## What is needed
Would you give the listing back word for word once its pictures are removed?

## Collected material
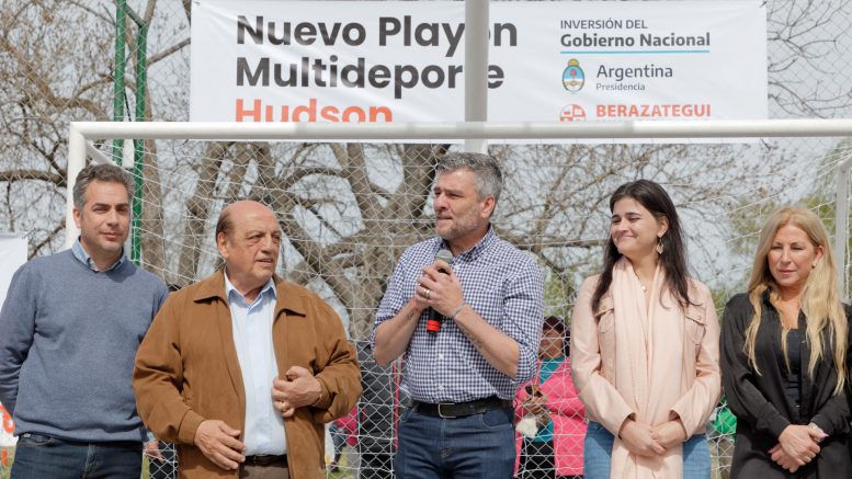 Se inauguraron playones municipales multideporte en las localidades de Gutiérrez (calle 415 e/ 452 y 453) y Hudson (166 y 66), con la presencia del ministro de Desarrollo Social de la Nación, Juan Zabaleta; el intendente de Berazategui, Juan José Mussi; y la secretaria de Desarrollo Social y Comunitario, Recreación, Turismo y Deportes municipal, María Laura Lacava.
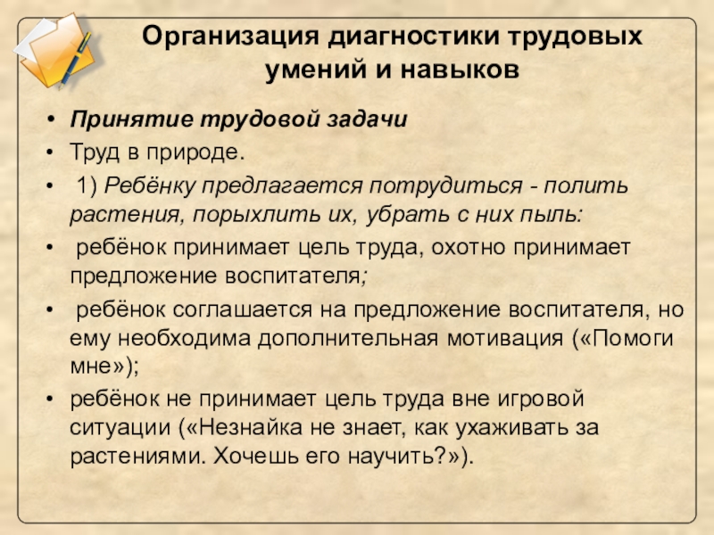 ребёнок не принимает цель труда вне игровой ситуации («Незнайка не знает, как ухаживать за растениями. Хочешь его научить?»).
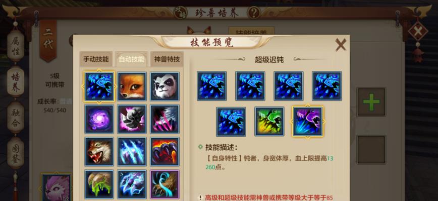 除了技能效果本身,技能培养还能提升珍兽的属性,我们应该善于利用技能培养来提升珍兽的整体实力。

## Expected answer
 Se inauguraron playones municipales multideporte en las localidades de Gutiérrez (calle 415 e/ 452 y 453) y Hudson (166 y 66), con la presencia del ministro de Desarrollo Social de la Nación, Juan Zabaleta; el intendente de Berazategui, Juan José Mussi; y la secretaria de Desarrollo Social y Comunitario, Recreación, Turismo y Deportes municipal, María Laura Lacava.
 ребёнок не принимает цель труда вне игровой ситуации («Незнайка не знает, как ухаживать за растениями. Хочешь его научить?»).
 除了技能效果本身,技能培养还能提升珍兽的属性,我们应该善于利用技能培养来提升珍兽的整体实力。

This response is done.